Libro davvero particolare, affascinante e perturbante come pochi, il testo di Kressing, oltre ad avvincere chiunque lo prenda in mano, si presta, come pochi altri, a diversi livelli di interpretazione, sfuggendo sempre, però, a qualunque tentativo di ingabbiarlo in un qualsiasi genere. Comunque lo si tenti di definire – favola oscura, romanzo gotico, apologo nero – la storia del cuoco Conrad Venn eccede ogni tentativo di definizione, costringendo il lettore attento a porsi sempre nuove domande.

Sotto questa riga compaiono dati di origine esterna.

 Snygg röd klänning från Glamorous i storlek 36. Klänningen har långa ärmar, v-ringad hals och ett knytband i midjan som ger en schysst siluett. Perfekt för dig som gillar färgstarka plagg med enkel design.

Il protagonista, alto, «estremamente emaciato, quasi cadaverico», dai lineamenti grifagni e il naso a becco, dalle orbite incavate e gli occhi penetranti – quasi una sorta di Mefistotele – giunge un giorno nella cittadina di Cobb e prende servizio come cuoco, appunto, presso la ricca famiglia degli Hill. Da quel momento in poi la vita dei suoi datori di lavoro, dell’altra potente famiglia, i Vale, una volta rivali e ora amici degli Hill, e di tutto il piccolo paese cambierà inesorabilmente. Utilizzando innanzitutto la sua abilità culinaria – facendo ingrassare o dimagrire le persone, rendendole felici o sottomesse – ma anche la sua determinazione e la sua capacità di colpire chiunque nel suo punto debole, Conrad sconvolgerà la vita di tutti, portando a compimento il suo misterioso progetto.

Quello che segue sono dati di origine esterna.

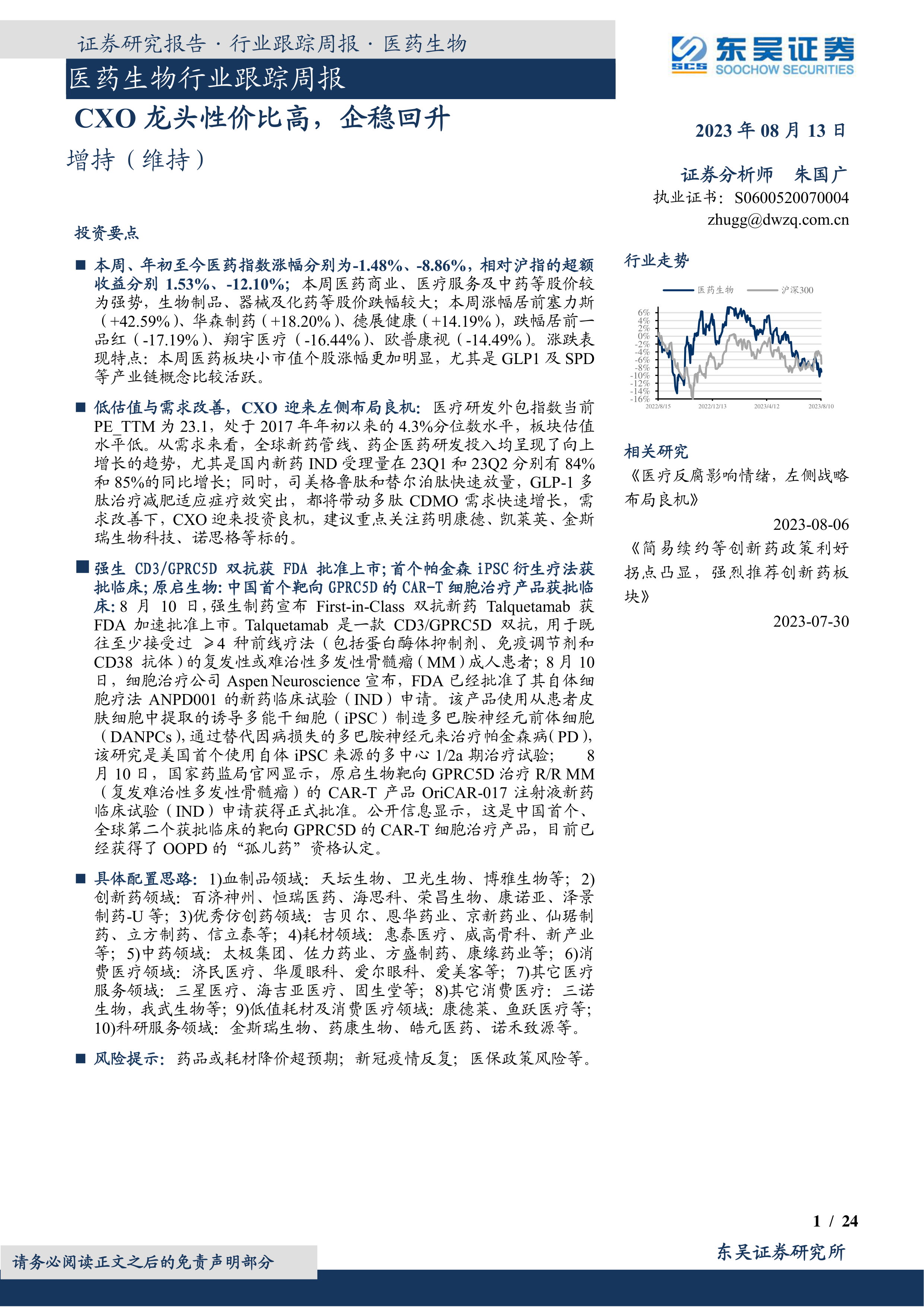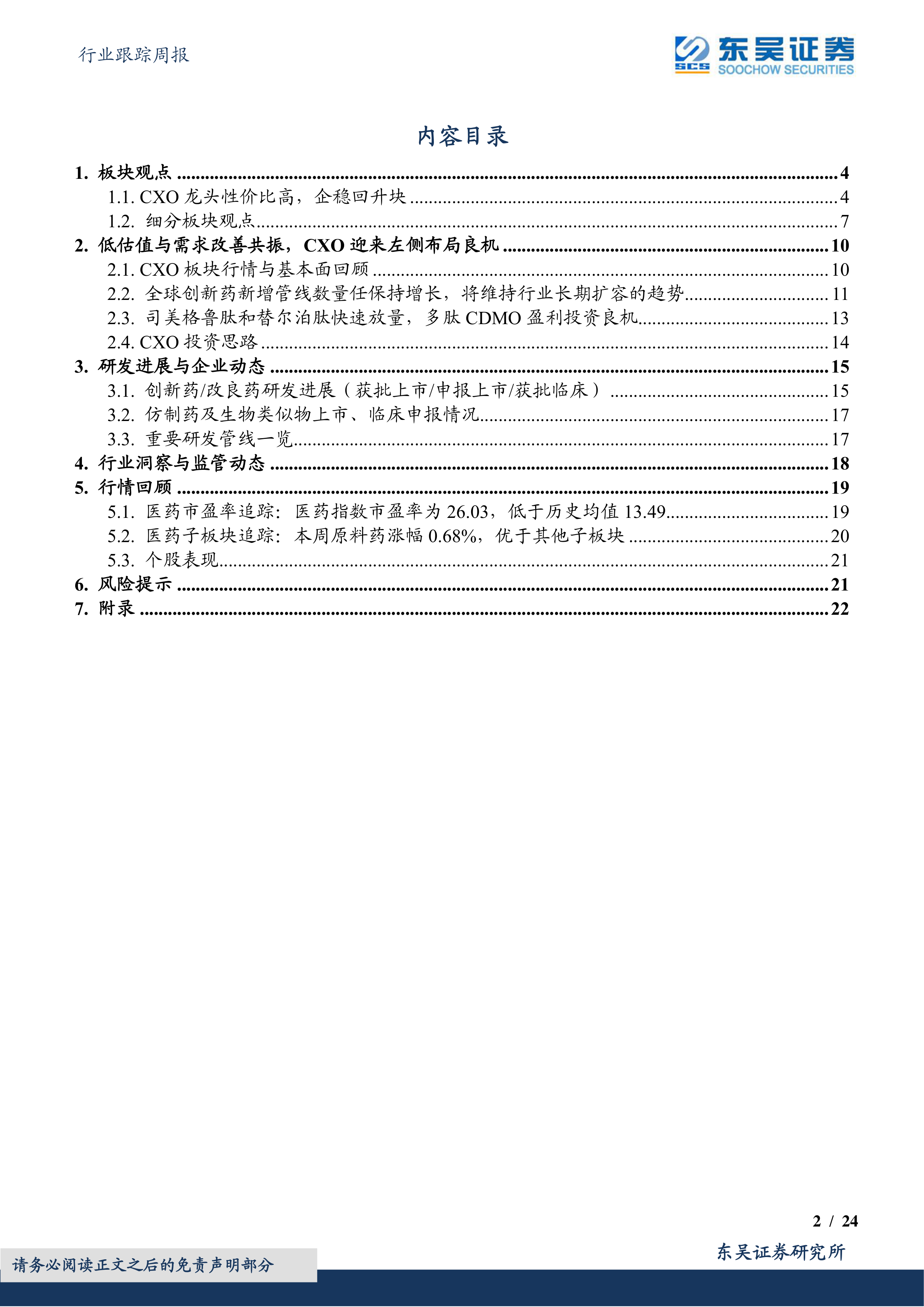 本报告详细分析了医药生物行业,特别是CXO板块的市场现状、发展趋势以及投资机会。主要内容包括:

Con un inizio che sembra richiamarsi a Mary Poppins, ma una Mary Poppins virata in nero, con l’arrivo di un nuovo componente della servitù che muterà la vita di tutti in famiglia. Un epilogo a metà tra l’inferno dantesco ed Helzapoppin, il romanzo di Kressing può forse essere letto anche e soprattutto come una riflessione sul potere, nella sua accezione più larga e negativa. Come capacità, da un lato, di manipolare le persone, influenzare comportamenti e convinzioni, ma anche dall’altro, facendo emergere la sotterranea pulsione che genera piacere nel servire, nel sottomettersi, nell’essere dominato. E viene in mente, a tale proposito un capolavoro come lo Jakob von Gunten di Robert Walser.

Emergono, inoltre, gli impulsi più devastanti e autodistruttivi del dominio, quelli in cui la festa interminabile si lega alla visione infernale e in cui il potere mostra la sua faccia forse più feroce, portando al progressivo annichilimento chi pensa di detenerlo insieme all’intero mondo circostante. E come non pensare allora a La mascherata della morte rossa di Edgar Allan Poe?